WHAT THE TASK REQUIRES =
With the line containing "Leather Black | |" as the final line, restate exactly every line of the data below from the first one onward, and copy no pictures.

START GIVEN DATA

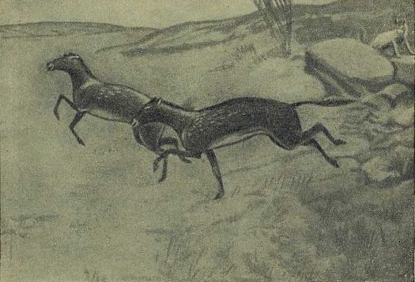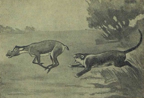 Эогиппус, без сомнения, бегал быстрее своего предка фенакодуса. Но хищники, жившие в одно время с ним, бегали тоже быстрее своих предков. Скорость и для них, как для эогиппуса, была вопросом жизни или смерти. Если эогиппуса заставлял бегать во всю прыть страх и он несся — по лесам галопом на четырех пальцах, то хищников подхлестывал голод. Состязание в беге не прекращалось.
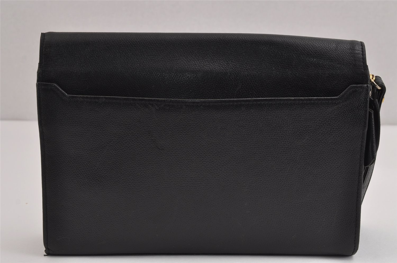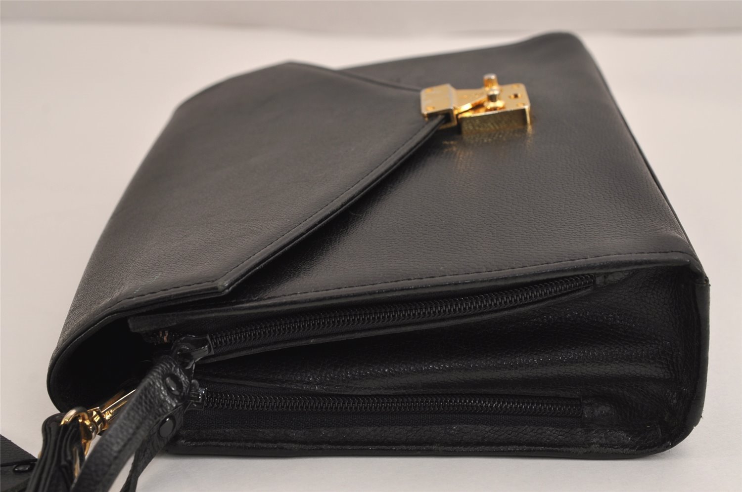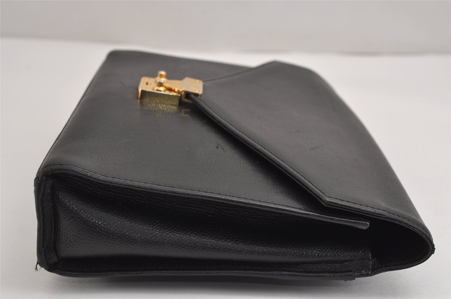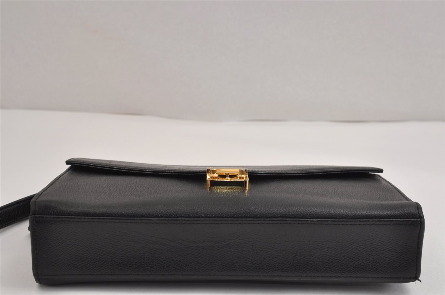 | Authentic YVES SAINT LAURENT Vintage Clutch Hand Bag Purse Leather Black | |
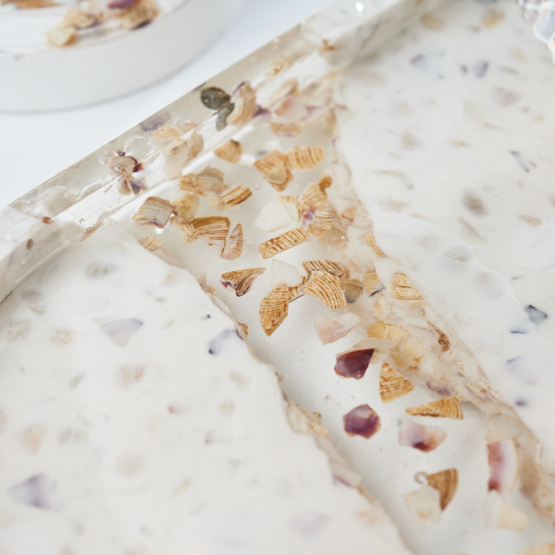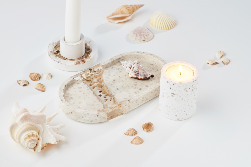 Wymieszaj ok. 5 łyżek stołowych Raysin z wodą do uzyskania kremowej masy. Następnie dodaj granulki muszli i energicznie wymieszaj. Wlej mieszaninę do silikonowej formy i lekko postukaj nią o powierzchnię, aby pęcherzyki powietrza uniosły się. Po około 30 minutach można wyjąć podstawkę z formy. Stuknij nią o krawędź stołu, aby ją połamać. Następnie włóż poszczególne części z powrotem do formy. Następnie wymieszaj trochę żywicy odlewniczej zgodnie z instrukcjami na opakowaniu i wlej ją w szczeliny w formie, tak aby pokryć podstawę. Pozostaw żywicę do wyschnięcia na 12 godzin. Po wyschnięciu wsyp trochę granulek muszli do formy odlewniczej. Ponownie wymieszaj żywicę odlewniczą i wypełnij nią formę. Po 24 godzinach schnięcia można wyjąć podstawkę z formy. Aby uszczelnić powierzchnię, wymieszaj więcej żywicy odlewniczej i pokryj powierzchnię pędzlem. Po kolejnym czasie schnięcia podstawka jest gotowa.

END GIVEN DATA

TASK ANSWER =
 Эогиппус, без сомнения, бегал быстрее своего предка фенакодуса. Но хищники, жившие в одно время с ним, бегали тоже быстрее своих предков. Скорость и для них, как для эогиппуса, была вопросом жизни или смерти. Если эогиппуса заставлял бегать во всю прыть страх и он несся — по лесам галопом на четырех пальцах, то хищников подхлестывал голод. Состязание в беге не прекращалось.
 | Authentic YVES SAINT LAURENT Vintage Clutch Hand Bag Purse Leather Black | |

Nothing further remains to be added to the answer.